В небе мерцали звезды — мелкие, зимние, дрожащие — я посмотрел на них и почему-то снова подумал о Жабрине. Подумал, что на самом деле он, может быть, совсем не то, чем кажется. Откуда мы знаем, что он такое на самом деле?

Я слушал Сашку Коломийцева и думал, что, возможно, на самом деле и я — совсем не то, чем пытаюсь себе казаться. Возможно, я только кажусь себе таким же, каким был, когда собирался бросить школу, чтобы бежать в Индонезию и умереть за свободу,— а на самом деле все это пустяки — все эти бесконечные метания в поисках высшей справедливости и абсолютных истин, и во мне ничего нет, кроме пошленького тщеславия и злости вечного неудачника?..

— Ты слышишь или не слышишь?..

— Слышу,— сказал я.

Сашка поправил очки и посмотрел на меня пристально и скорбно.

— Я думаю,— сказал он,— сейчас самое время зайти в «Руно».

«Золотое руно» — так назывался центральный ресторан. Его единственная в городе неоновая вывеска горела бледно-голубым сатанинским огнем над площадью, на которую мы вышли.
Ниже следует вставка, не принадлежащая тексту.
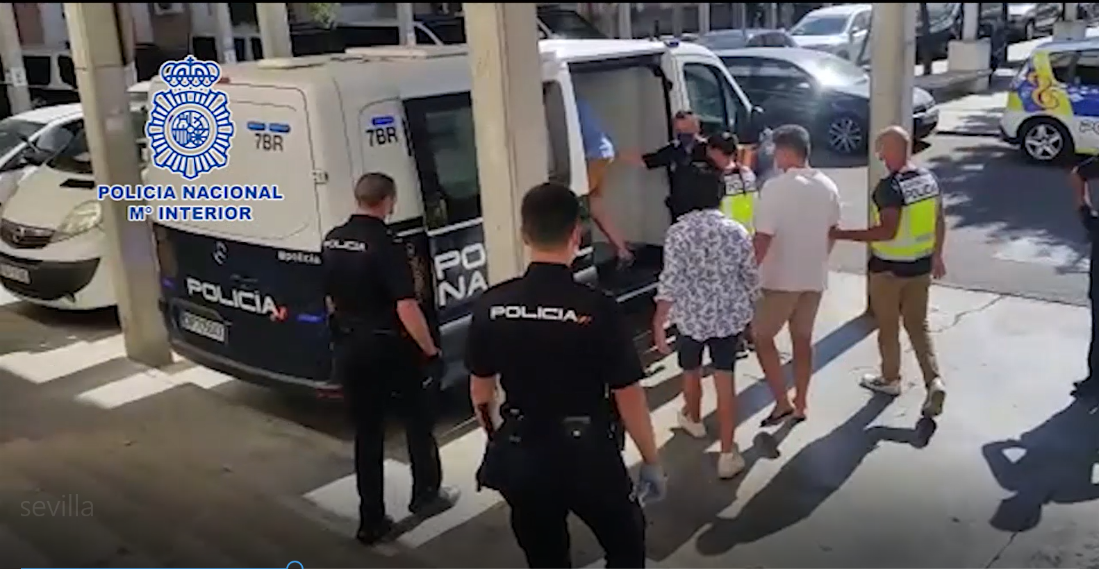 Traslado de los cuatro detenidos por una agresión sexual múltiple en Sevilla.POLICÍA NACIONALUn juez de Sevilla ordenó el miércoles por la tarde prisión provisional para cuatro jóvenes que, presuntamente, agredieron sexualmente a dos menores el pasado sábado. Las víctimas, de 15 y 16 años, fueron grabadas con un teléfono móvil, según ha informado la Policía Nacional este jueves. Los cuatro implicados, de nacionalidad francesa, fueron detenidos el lunes en el aeropuerto de Sevilla cuando intentaban regresar a París. Las adolescentes recibieron asistencia en el Hospital Universitario Virgen Macarena.Los detenidos, que no tenían antecedentes policiales, estaban pasando unos días en la capital andaluza. Conocieron a las chicas el pasado sábado en una terraza de la Alameda de Hércules, en el centro de la ciudad. Primero las invitaron a varias consumiciones alcohólicas y después las convencieron para celebrar una fiesta en el apartamento donde estaban alojados, que disponía de un ático con piscina, lugar donde bebieron más alcohol. Los agresores se aprovecharon del alto estado de embriaguez y desorientación de las adolescentes para, presuntamente, agredirlas sexualmente, pese a que opusieron resistencia. Los hombres grabaron la escena con un teléfono móvil.La investigación comenzó este lunes, después de que el Hospital Universitario Virgen Macarena, donde estaban ingresadas las menores, pusiera los hechos en conocimiento del juzgado, desde donde se dio aviso al Grupo de Menores (GRUME) de la Policía Nacional. Los agentes localizaron a los sospechosos en menos de seis horas Las diligencias permitieron identificar a los presuntos autores, y conocer que iban a coger un vuelo esa misma tarde destino a París. Una vez detenidos, fueron puestos a disposición judicial, que decretó el inmediato ingreso en prisión de todos ellos.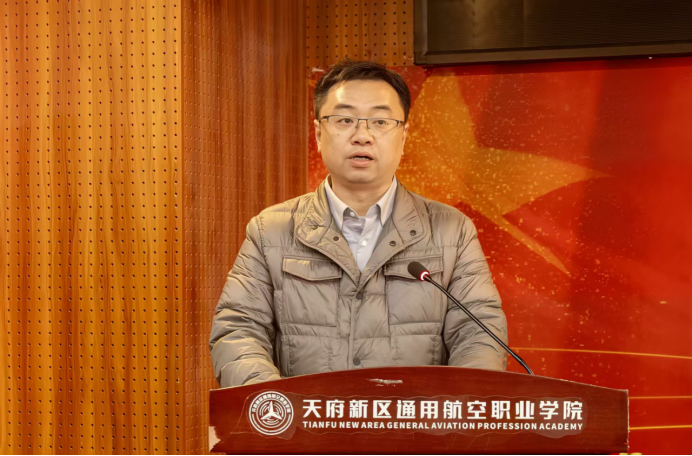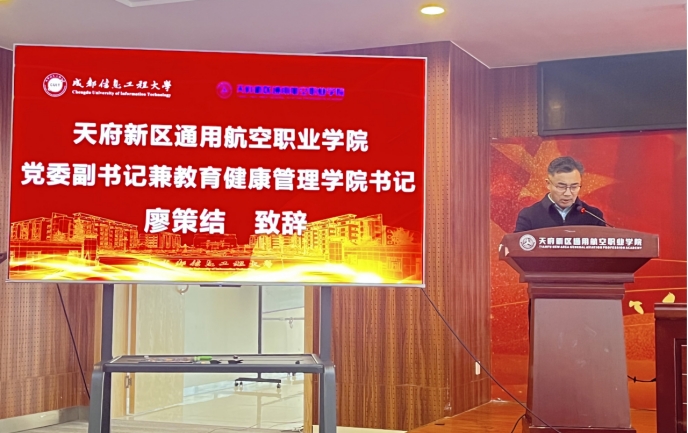 廖策结在致辞中鼓励学生将天府新区通用航空职业学院“尚德、尚技、尚善、尚新”的校训精神与我校的育人理念相结合,明确自考学习路径与目标,努力成为“技能+学历”双优的复合型人才。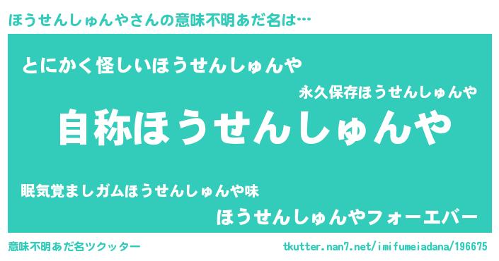 | ポケモン風あだ名 | 『ホウセウス』『ヒホウセンシュンヤ』 |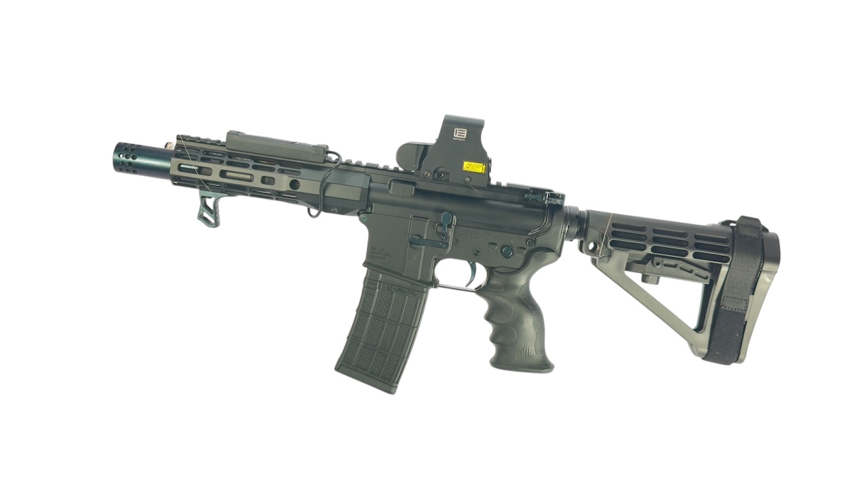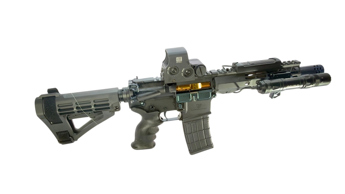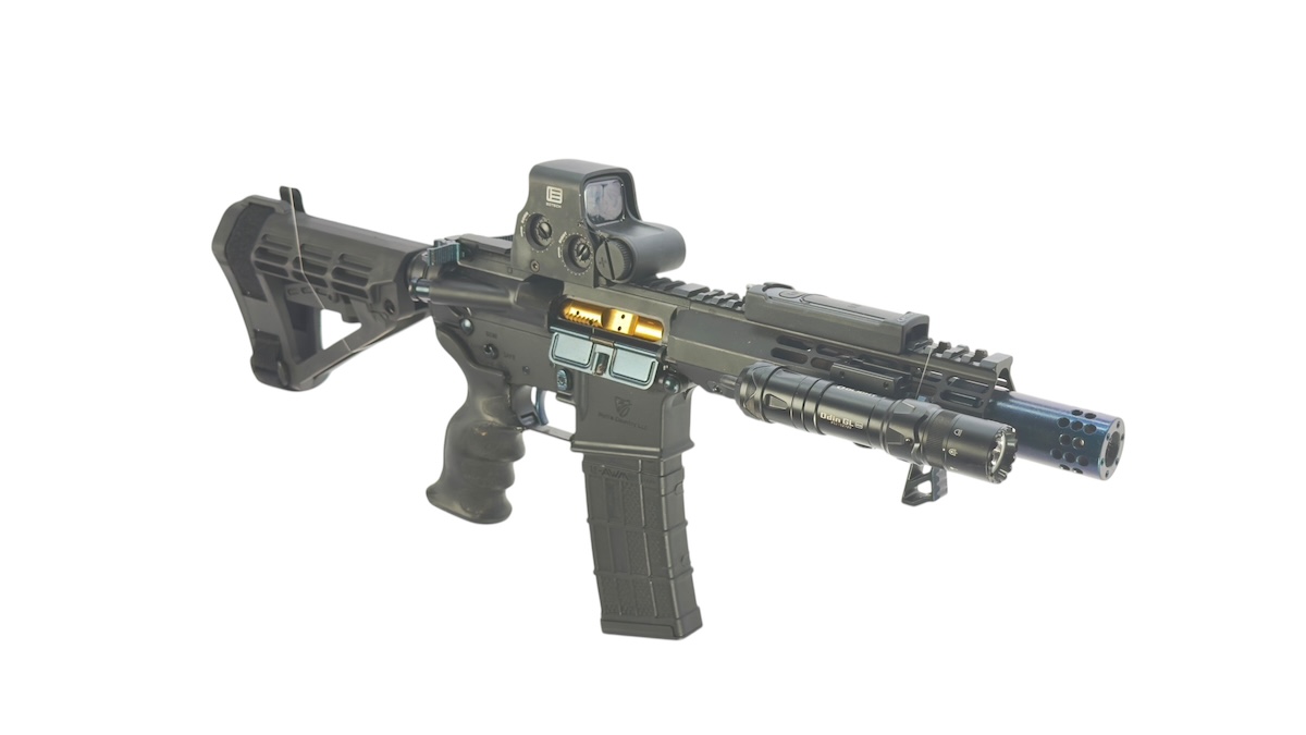 With the SBA4 pistol brace, ergonomic hand stop, and Sniper Comfort pistol grip, weapon handling feels fast, balanced, and natural. The slip-over compensator pushes blast forward, making this platform ideal for indoor defense or tight CQB environments.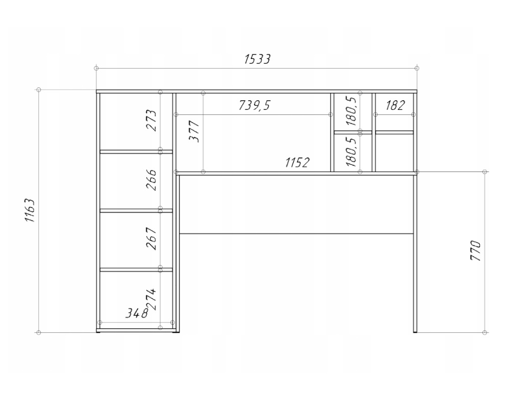 - Nadstawka z organizerem – szeroka półka na książki + 4 kwadratowe przegródki ułatwiające segregację drobiazgów.

Мне не хотелось идти в ресторан, и в общежитие возвращаться тоже не хотелось, мне хотелось остаться одному, но я не мог обидеть Сашку. Вчера он получил перевод из дома и носился целый день по институту, раздавая долги.

— Мне кажется, у меня еще что-то осталось,— сказал Сашка.— Правда, я видел в когизе юбилейный Шекспировский сборник...

Но он был готов пожертвовать ради меня даже шекспировским сборником.

* * *

Он сосредоточенно изучал меню, шевеля и причмокивая пухлыми губами. У Коломийцева было круглое лицо с розовыми щечками и рыжеватые волосы в мелких кудряшках. Если бы ангелы носили очки, он был бы точной копией ангелочка с картины Рафаэля.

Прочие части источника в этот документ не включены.